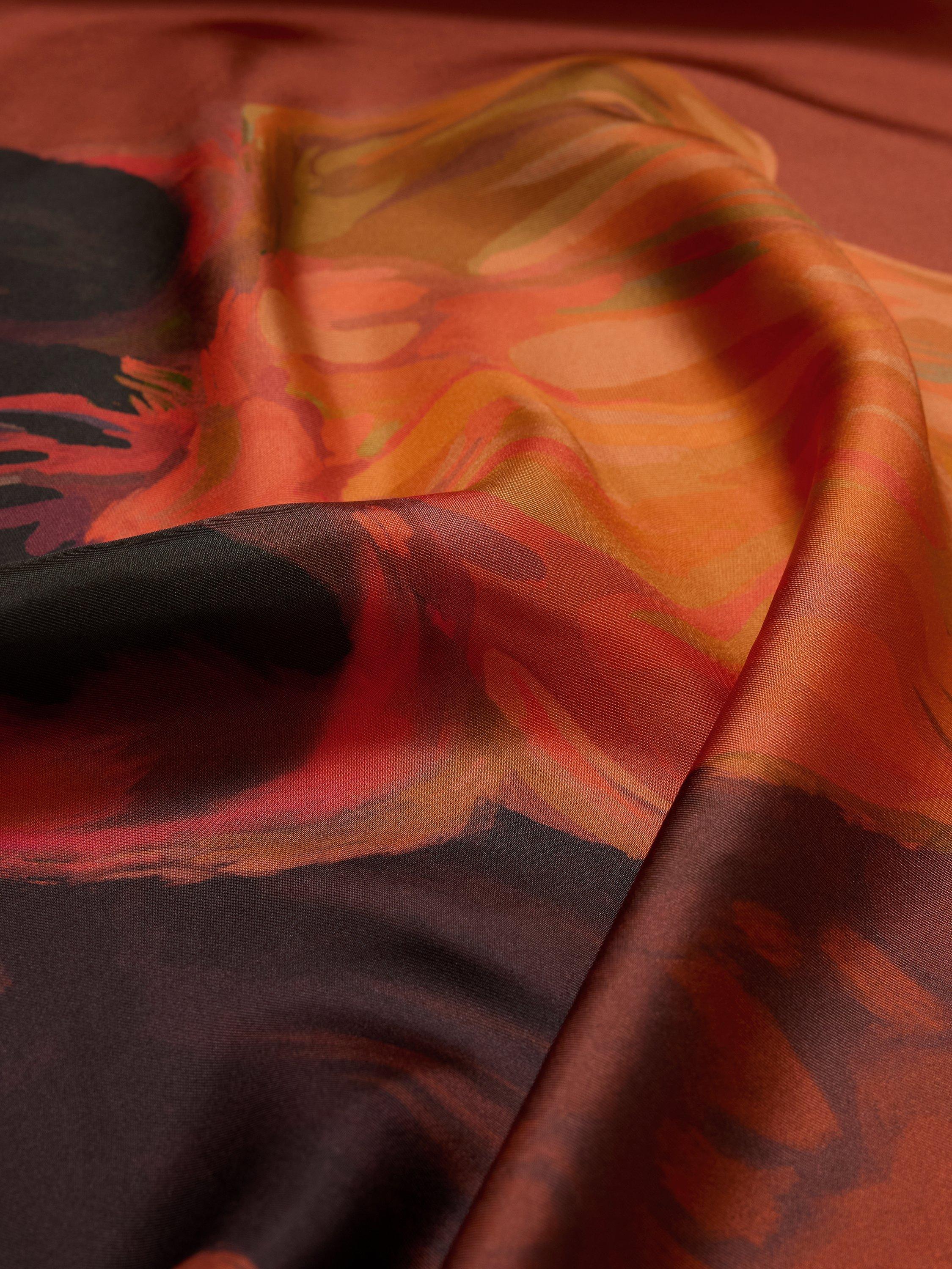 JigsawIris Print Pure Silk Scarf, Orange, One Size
= = = = = = =
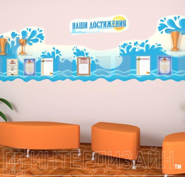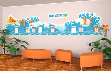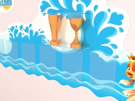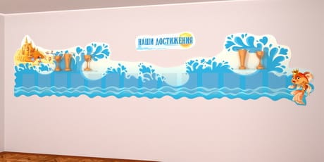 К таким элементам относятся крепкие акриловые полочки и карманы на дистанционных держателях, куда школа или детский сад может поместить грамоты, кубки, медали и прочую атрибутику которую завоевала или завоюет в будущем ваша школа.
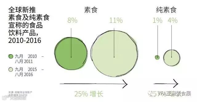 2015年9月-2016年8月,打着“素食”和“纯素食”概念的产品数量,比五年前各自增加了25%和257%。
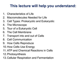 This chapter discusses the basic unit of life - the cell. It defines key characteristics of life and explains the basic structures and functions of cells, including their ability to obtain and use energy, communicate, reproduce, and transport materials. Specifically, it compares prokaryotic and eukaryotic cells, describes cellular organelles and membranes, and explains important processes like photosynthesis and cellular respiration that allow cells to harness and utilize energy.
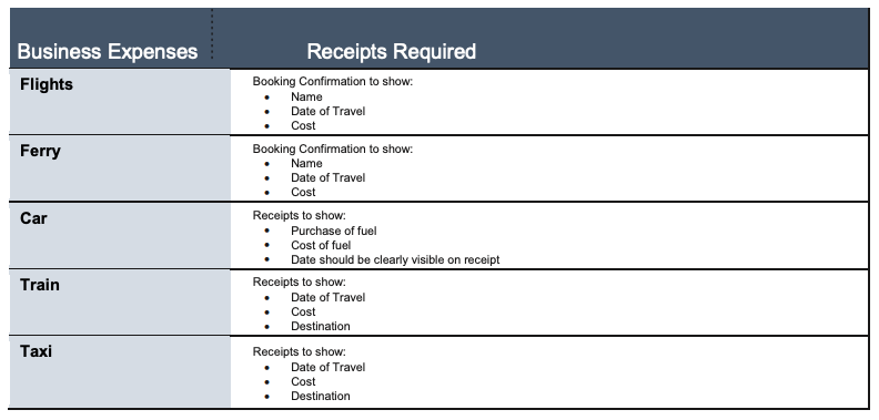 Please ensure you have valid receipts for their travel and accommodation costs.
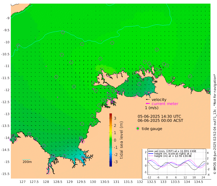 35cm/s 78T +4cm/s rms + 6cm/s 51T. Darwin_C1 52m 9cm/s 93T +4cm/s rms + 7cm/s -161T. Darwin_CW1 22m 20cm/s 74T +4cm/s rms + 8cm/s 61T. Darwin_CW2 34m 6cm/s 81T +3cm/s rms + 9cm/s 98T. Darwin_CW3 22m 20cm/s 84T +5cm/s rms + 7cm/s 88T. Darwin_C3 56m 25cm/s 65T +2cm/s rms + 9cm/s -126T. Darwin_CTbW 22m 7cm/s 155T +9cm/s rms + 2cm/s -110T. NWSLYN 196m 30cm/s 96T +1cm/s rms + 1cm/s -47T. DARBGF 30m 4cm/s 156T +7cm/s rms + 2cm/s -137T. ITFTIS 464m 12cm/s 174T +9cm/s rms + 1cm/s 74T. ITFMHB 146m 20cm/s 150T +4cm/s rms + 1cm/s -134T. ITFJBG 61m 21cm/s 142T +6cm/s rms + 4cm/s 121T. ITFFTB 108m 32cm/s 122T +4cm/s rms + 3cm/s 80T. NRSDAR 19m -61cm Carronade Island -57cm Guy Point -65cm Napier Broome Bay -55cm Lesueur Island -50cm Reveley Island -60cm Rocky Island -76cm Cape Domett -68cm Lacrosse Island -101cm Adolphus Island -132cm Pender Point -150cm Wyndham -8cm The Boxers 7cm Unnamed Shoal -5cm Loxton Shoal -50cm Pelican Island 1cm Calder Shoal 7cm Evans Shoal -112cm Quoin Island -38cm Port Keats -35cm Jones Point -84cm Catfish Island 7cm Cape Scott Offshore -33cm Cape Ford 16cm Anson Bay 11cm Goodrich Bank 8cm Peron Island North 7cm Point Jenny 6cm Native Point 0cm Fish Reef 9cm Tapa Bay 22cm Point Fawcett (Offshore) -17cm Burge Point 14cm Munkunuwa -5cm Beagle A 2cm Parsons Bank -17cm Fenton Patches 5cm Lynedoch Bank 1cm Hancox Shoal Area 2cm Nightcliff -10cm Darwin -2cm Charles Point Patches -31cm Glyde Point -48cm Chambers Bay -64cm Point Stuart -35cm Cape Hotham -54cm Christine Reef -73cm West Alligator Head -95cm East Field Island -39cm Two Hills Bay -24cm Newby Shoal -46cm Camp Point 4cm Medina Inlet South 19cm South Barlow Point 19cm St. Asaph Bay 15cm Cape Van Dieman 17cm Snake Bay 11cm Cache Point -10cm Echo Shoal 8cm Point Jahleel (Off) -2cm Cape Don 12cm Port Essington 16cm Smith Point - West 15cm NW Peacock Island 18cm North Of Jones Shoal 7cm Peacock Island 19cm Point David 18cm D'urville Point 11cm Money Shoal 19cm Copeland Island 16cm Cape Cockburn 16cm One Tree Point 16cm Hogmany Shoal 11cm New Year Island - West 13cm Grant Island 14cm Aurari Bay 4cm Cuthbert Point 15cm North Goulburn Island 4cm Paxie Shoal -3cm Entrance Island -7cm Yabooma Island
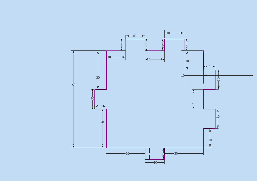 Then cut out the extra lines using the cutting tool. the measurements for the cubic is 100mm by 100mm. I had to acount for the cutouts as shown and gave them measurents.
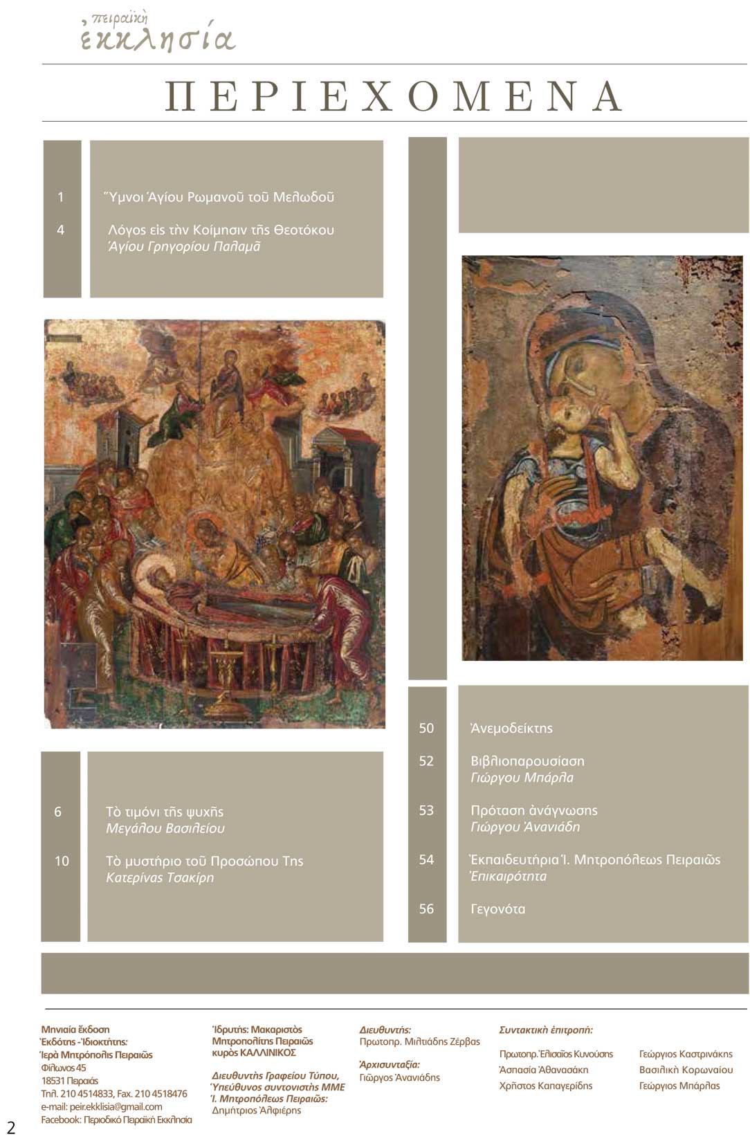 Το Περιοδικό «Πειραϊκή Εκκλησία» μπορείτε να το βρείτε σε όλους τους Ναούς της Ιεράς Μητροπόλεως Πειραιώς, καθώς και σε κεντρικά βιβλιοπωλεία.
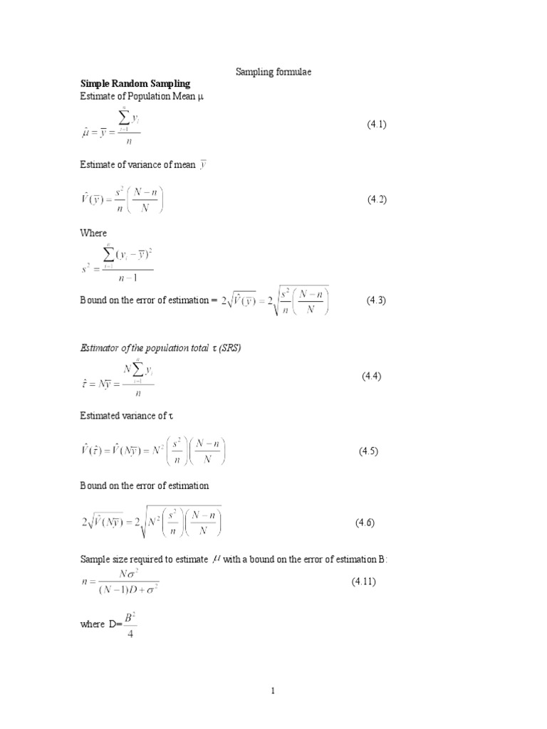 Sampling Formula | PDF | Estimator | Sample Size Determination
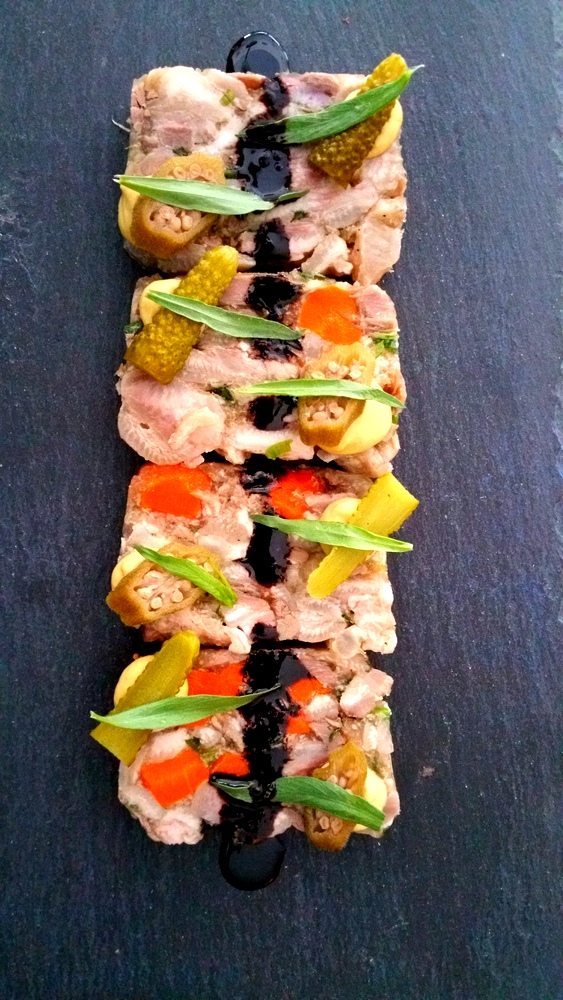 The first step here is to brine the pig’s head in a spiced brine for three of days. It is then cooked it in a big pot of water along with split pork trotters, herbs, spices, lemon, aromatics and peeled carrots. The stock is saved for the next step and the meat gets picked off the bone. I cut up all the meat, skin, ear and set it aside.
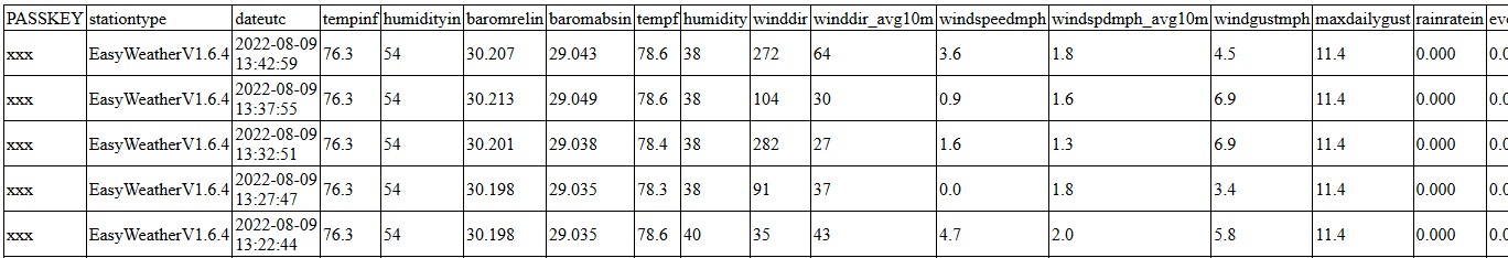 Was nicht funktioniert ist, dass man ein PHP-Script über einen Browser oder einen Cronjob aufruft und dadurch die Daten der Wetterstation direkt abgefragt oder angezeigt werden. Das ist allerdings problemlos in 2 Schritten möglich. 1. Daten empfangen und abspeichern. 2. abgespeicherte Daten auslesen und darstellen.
= = = = = = =
PROBLEM STATEMENT> Please return the data above exactly as it stands from the line with "σε κεντρικά βιβλιοπωλεία." to the line with "Was nicht funktioniert", keeping both of those lines but none of the pictures.

EXERCISE OUTPUT>
 Το Περιοδικό «Πειραϊκή Εκκλησία» μπορείτε να το βρείτε σε όλους τους Ναούς της Ιεράς Μητροπόλεως Πειραιώς, καθώς και σε κεντρικά βιβλιοπωλεία.
 Sampling Formula | PDF | Estimator | Sample Size Determination
 The first step here is to brine the pig’s head in a spiced brine for three of days. It is then cooked it in a big pot of water along with split pork trotters, herbs, spices, lemon, aromatics and peeled carrots. The stock is saved for the next step and the meat gets picked off the bone. I cut up all the meat, skin, ear and set it aside.
 Was nicht funktioniert ist, dass man ein PHP-Script über einen Browser oder einen Cronjob aufruft und dadurch die Daten der Wetterstation direkt abgefragt oder angezeigt werden. Das ist allerdings problemlos in 2 Schritten möglich. 1. Daten empfangen und abspeichern. 2. abgespeicherte Daten auslesen und darstellen.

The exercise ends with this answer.